START Source data

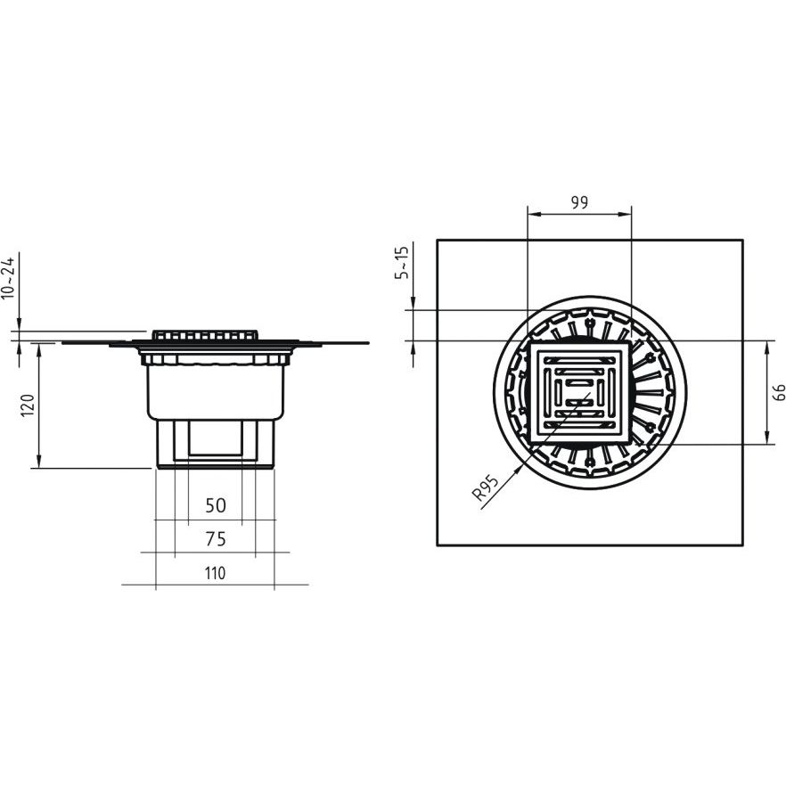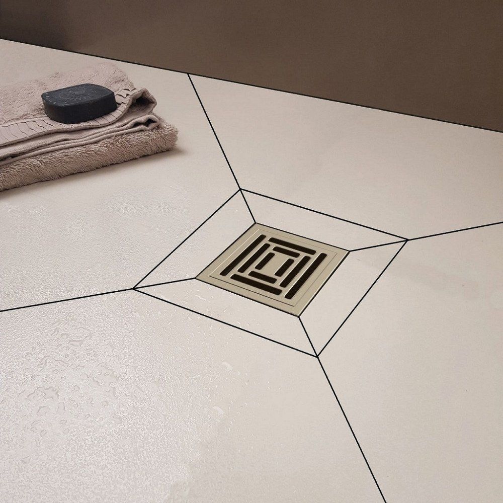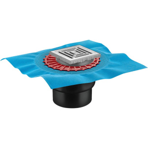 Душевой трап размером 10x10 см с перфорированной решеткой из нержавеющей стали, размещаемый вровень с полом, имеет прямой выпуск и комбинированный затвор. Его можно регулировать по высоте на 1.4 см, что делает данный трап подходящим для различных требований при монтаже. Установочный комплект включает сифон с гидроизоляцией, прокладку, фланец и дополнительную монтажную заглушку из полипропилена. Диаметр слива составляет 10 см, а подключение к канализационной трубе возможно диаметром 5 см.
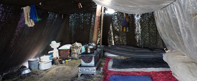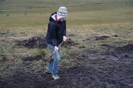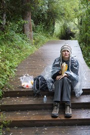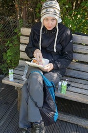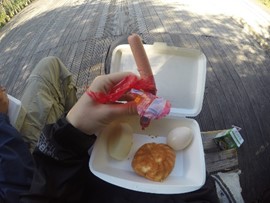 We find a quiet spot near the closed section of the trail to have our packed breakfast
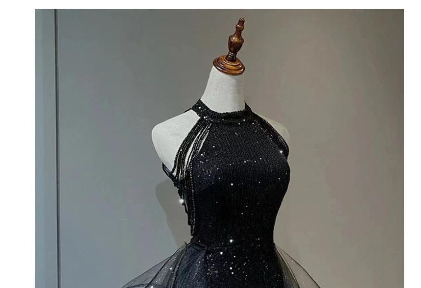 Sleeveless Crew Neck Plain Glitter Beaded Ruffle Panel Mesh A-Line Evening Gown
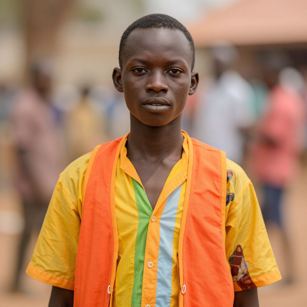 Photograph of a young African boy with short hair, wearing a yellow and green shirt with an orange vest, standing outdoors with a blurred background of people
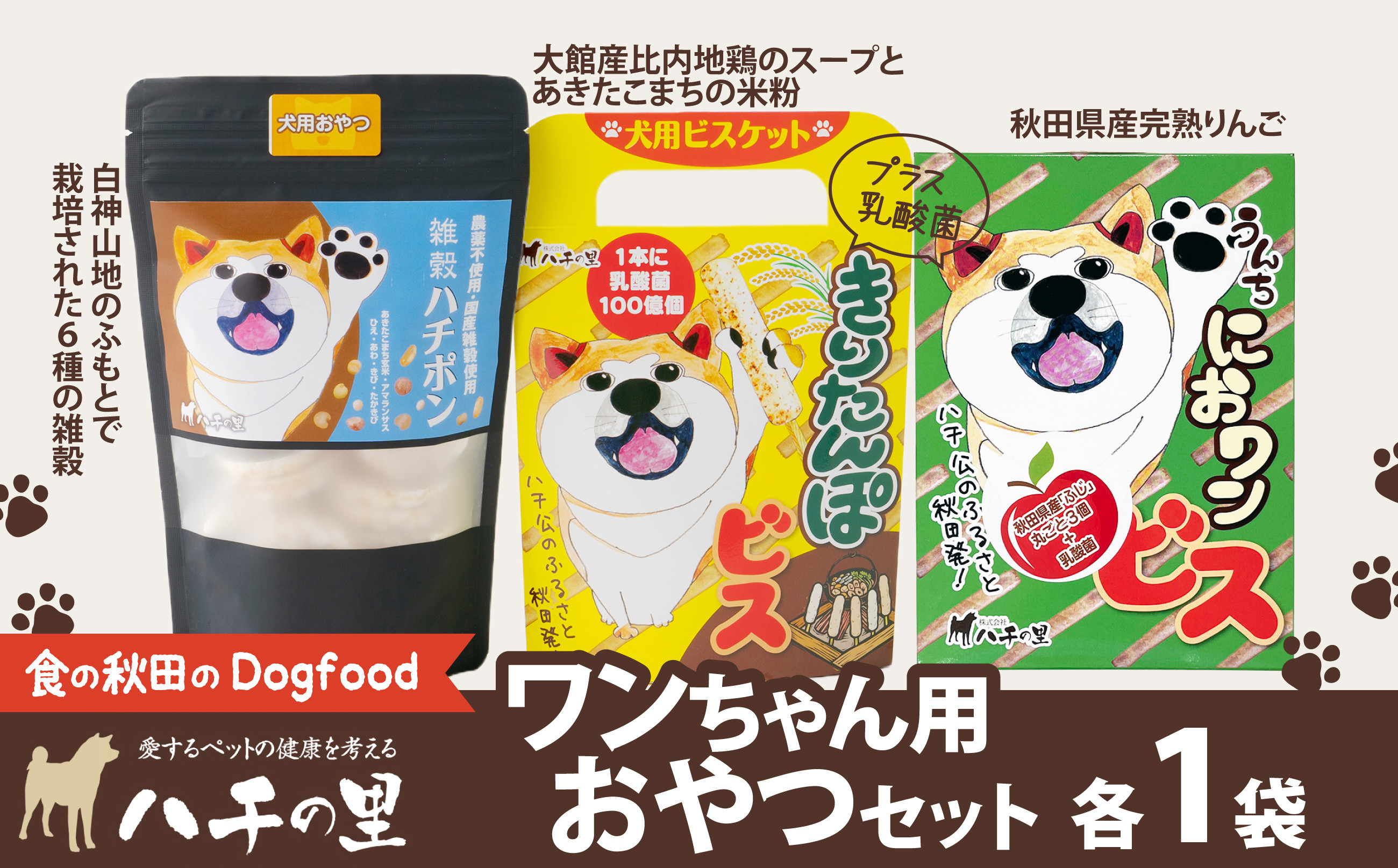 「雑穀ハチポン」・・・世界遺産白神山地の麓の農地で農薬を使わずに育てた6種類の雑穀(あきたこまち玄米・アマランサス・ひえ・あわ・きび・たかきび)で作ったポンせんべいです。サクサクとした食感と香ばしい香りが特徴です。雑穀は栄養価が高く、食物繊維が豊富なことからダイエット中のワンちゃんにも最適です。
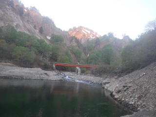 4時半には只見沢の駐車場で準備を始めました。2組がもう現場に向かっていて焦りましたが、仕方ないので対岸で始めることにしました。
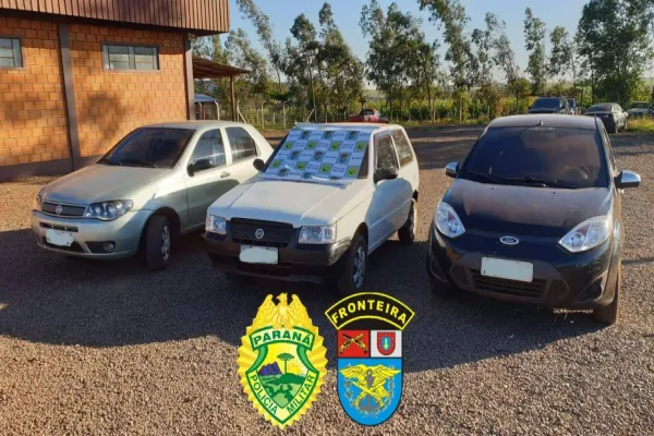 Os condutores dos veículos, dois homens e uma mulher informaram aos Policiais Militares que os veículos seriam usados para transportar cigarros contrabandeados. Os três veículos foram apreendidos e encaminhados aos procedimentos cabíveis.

END Source data
START Source data

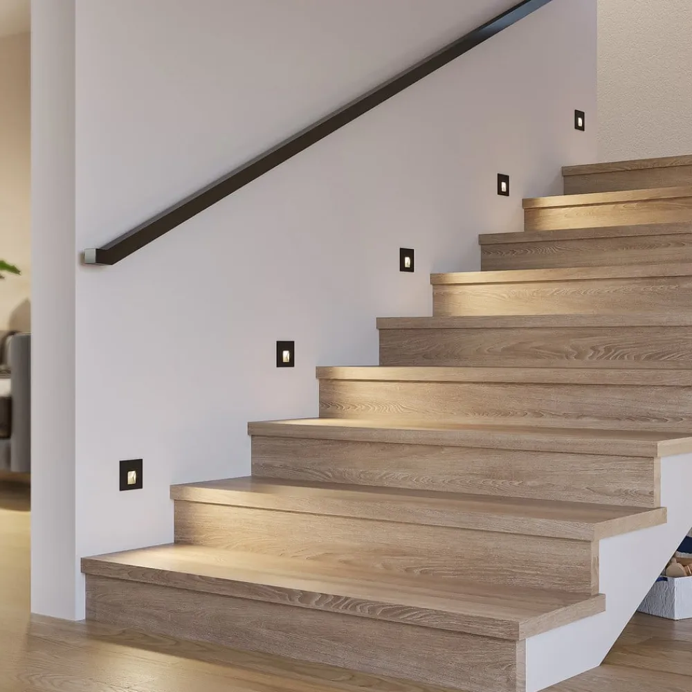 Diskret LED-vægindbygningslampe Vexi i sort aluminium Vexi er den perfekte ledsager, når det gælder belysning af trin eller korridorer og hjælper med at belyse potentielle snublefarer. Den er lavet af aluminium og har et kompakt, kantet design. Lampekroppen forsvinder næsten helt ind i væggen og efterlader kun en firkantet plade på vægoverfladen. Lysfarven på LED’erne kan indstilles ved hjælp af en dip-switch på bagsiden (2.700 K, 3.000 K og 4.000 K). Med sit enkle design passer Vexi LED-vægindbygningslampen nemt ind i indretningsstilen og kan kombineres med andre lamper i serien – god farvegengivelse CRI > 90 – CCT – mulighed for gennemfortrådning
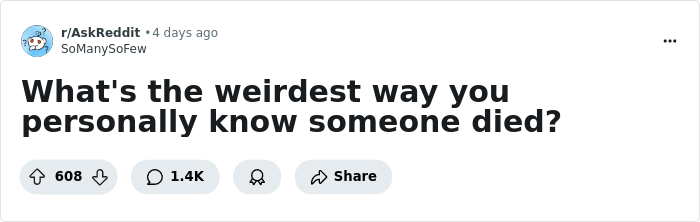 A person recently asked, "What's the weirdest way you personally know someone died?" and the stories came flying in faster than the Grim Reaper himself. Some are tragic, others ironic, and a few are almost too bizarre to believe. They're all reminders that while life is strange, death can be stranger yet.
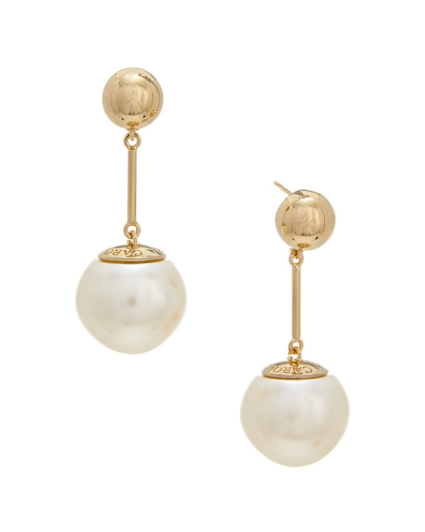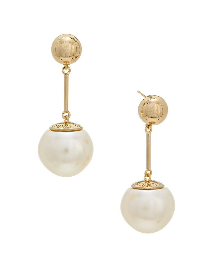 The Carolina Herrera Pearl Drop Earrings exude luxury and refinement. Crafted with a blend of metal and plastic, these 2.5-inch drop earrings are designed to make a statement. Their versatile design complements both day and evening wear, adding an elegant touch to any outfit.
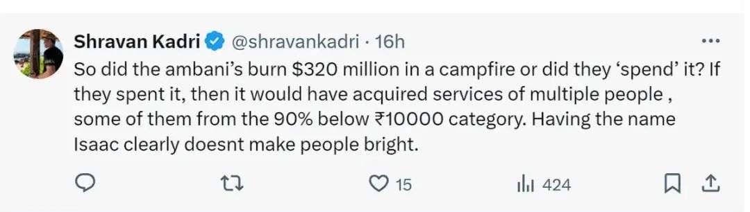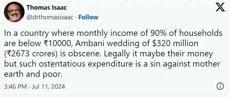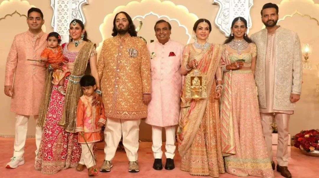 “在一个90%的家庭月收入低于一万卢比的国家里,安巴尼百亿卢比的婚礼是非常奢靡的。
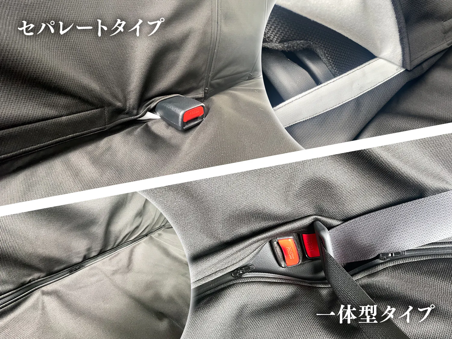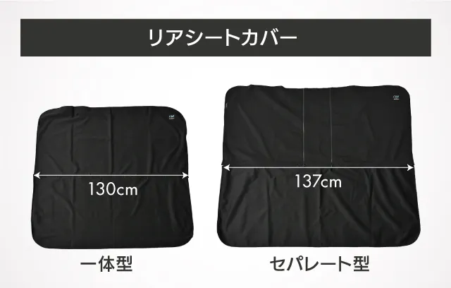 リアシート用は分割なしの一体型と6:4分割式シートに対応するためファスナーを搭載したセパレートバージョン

END Source data

Task prompt:
Once the line with "Sleeveless Crew Neck" has been found above, output that line and every later line exactly, stopping after the line with "Os condutores dos", and omit the pictures.

Response to this exercise:
 Sleeveless Crew Neck Plain Glitter Beaded Ruffle Panel Mesh A-Line Evening Gown
 Photograph of a young African boy with short hair, wearing a yellow and green shirt with an orange vest, standing outdoors with a blurred background of people
 「雑穀ハチポン」・・・世界遺産白神山地の麓の農地で農薬を使わずに育てた6種類の雑穀(あきたこまち玄米・アマランサス・ひえ・あわ・きび・たかきび)で作ったポンせんべいです。サクサクとした食感と香ばしい香りが特徴です。雑穀は栄養価が高く、食物繊維が豊富なことからダイエット中のワンちゃんにも最適です。
 4時半には只見沢の駐車場で準備を始めました。2組がもう現場に向かっていて焦りましたが、仕方ないので対岸で始めることにしました。
 Os condutores dos veículos, dois homens e uma mulher informaram aos Policiais Militares que os veículos seriam usados para transportar cigarros contrabandeados. Os três veículos foram apreendidos e encaminhados aos procedimentos cabíveis.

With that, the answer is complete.